> ACTIVITY
Reproduce everything from the line that contains "Sobre el cielo" down to the line that contains "6. Пласты основы" in the listing below, word for word and nothing more. Leave the pictures out.

> RECORDS SUPPLIED
++++++++++
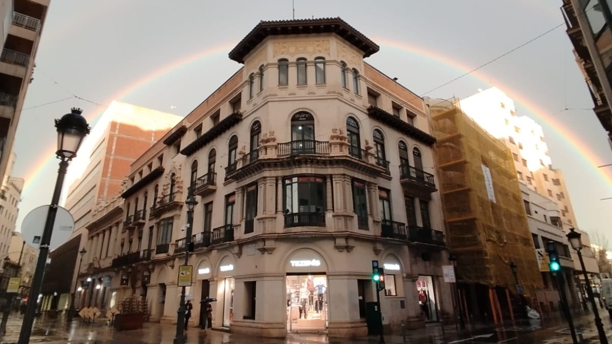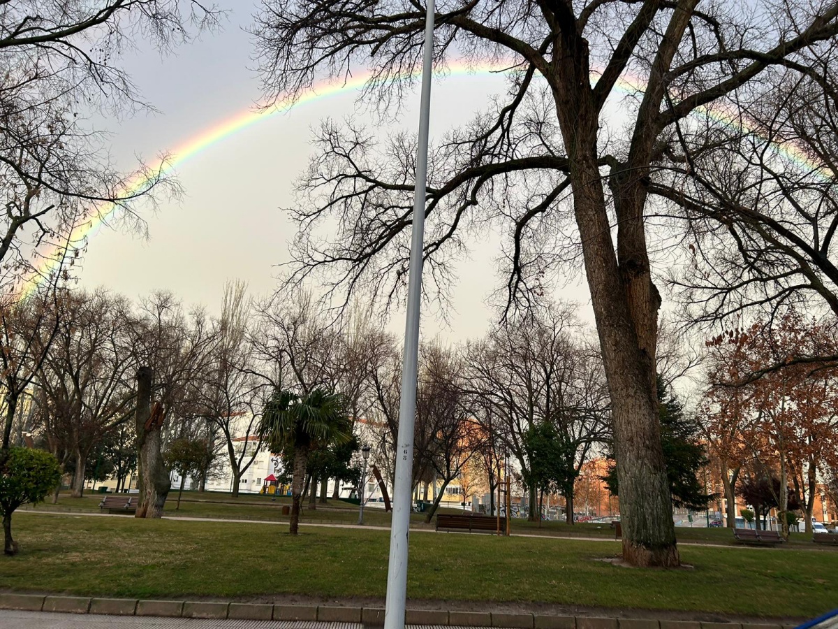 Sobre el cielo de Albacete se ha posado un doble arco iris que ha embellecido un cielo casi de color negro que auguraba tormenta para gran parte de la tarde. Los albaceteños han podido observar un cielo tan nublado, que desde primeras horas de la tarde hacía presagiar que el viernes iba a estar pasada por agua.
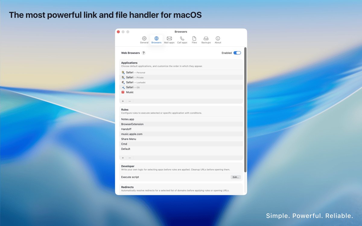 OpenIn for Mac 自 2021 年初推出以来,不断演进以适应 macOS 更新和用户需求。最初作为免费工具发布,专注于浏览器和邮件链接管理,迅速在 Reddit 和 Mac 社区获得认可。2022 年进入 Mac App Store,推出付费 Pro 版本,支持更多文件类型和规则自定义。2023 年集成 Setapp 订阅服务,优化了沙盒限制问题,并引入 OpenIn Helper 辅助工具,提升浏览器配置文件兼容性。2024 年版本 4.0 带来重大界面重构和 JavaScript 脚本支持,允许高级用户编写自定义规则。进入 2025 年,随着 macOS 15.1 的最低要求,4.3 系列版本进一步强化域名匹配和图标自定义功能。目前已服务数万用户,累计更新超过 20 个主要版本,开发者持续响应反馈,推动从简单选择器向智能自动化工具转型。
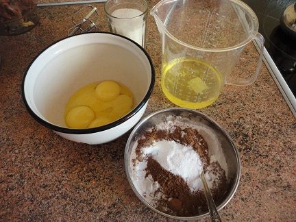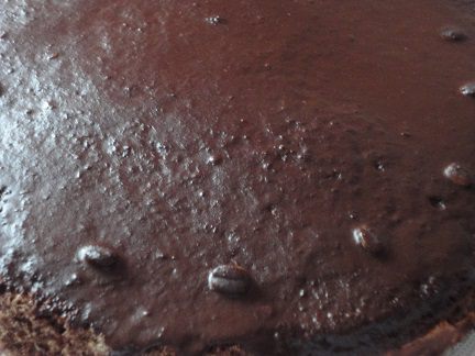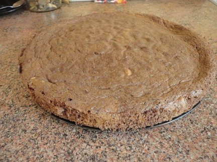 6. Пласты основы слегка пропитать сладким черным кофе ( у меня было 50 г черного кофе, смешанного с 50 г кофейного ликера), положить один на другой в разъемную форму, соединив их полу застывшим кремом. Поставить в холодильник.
++++++++++
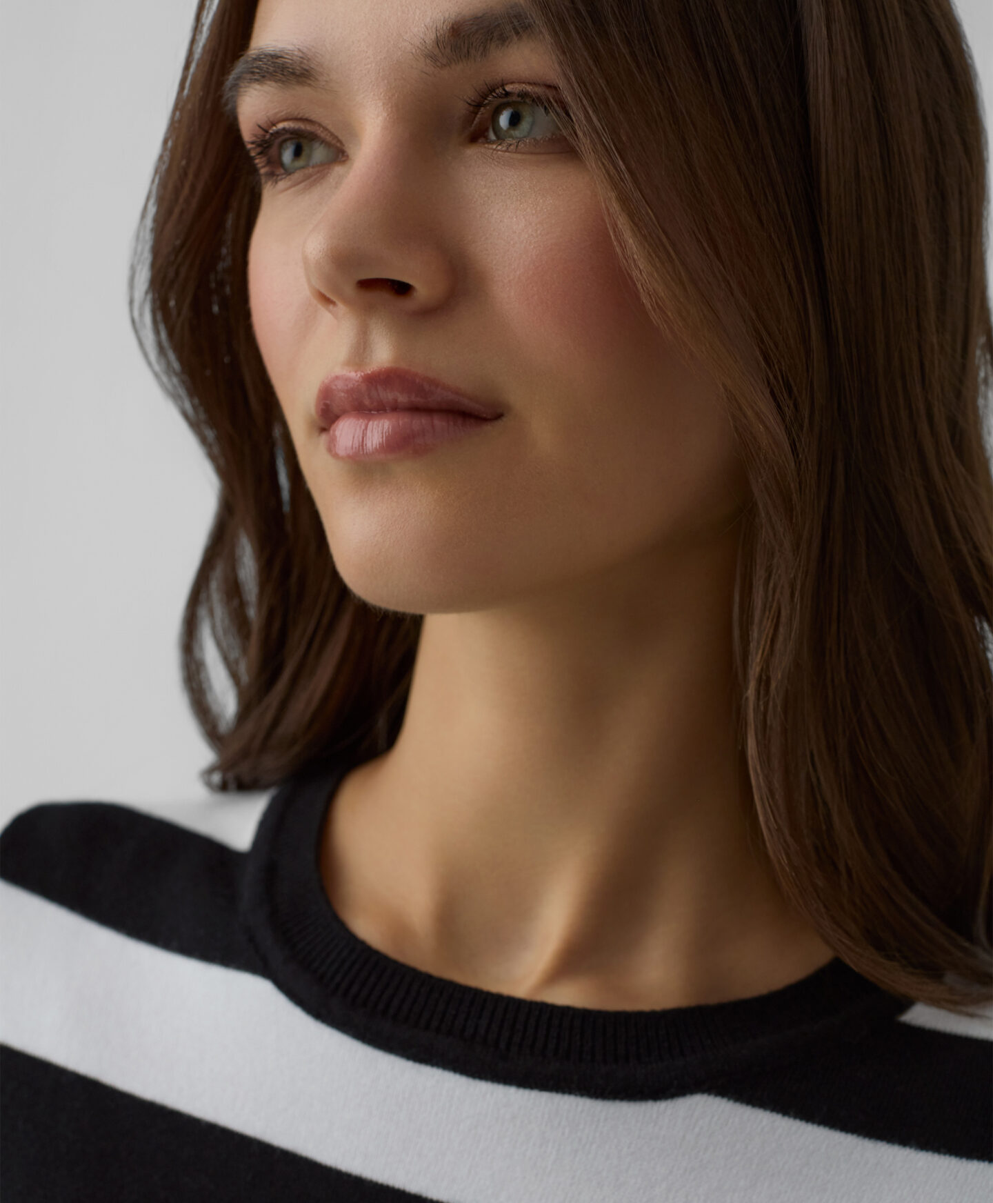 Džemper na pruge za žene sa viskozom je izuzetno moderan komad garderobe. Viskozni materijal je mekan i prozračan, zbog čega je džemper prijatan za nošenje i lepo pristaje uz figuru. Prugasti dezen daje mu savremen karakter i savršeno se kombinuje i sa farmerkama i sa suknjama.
++++++++++
> ANSWER TO THE PROBLEM
 Sobre el cielo de Albacete se ha posado un doble arco iris que ha embellecido un cielo casi de color negro que auguraba tormenta para gran parte de la tarde. Los albaceteños han podido observar un cielo tan nublado, que desde primeras horas de la tarde hacía presagiar que el viernes iba a estar pasada por agua.
 OpenIn for Mac 自 2021 年初推出以来,不断演进以适应 macOS 更新和用户需求。最初作为免费工具发布,专注于浏览器和邮件链接管理,迅速在 Reddit 和 Mac 社区获得认可。2022 年进入 Mac App Store,推出付费 Pro 版本,支持更多文件类型和规则自定义。2023 年集成 Setapp 订阅服务,优化了沙盒限制问题,并引入 OpenIn Helper 辅助工具,提升浏览器配置文件兼容性。2024 年版本 4.0 带来重大界面重构和 JavaScript 脚本支持,允许高级用户编写自定义规则。进入 2025 年,随着 macOS 15.1 的最低要求,4.3 系列版本进一步强化域名匹配和图标自定义功能。目前已服务数万用户,累计更新超过 20 个主要版本,开发者持续响应反馈,推动从简单选择器向智能自动化工具转型。
 6. Пласты основы слегка пропитать сладким черным кофе ( у меня было 50 г черного кофе, смешанного с 50 г кофейного ликера), положить один на другой в разъемную форму, соединив их полу застывшим кремом. Поставить в холодильник.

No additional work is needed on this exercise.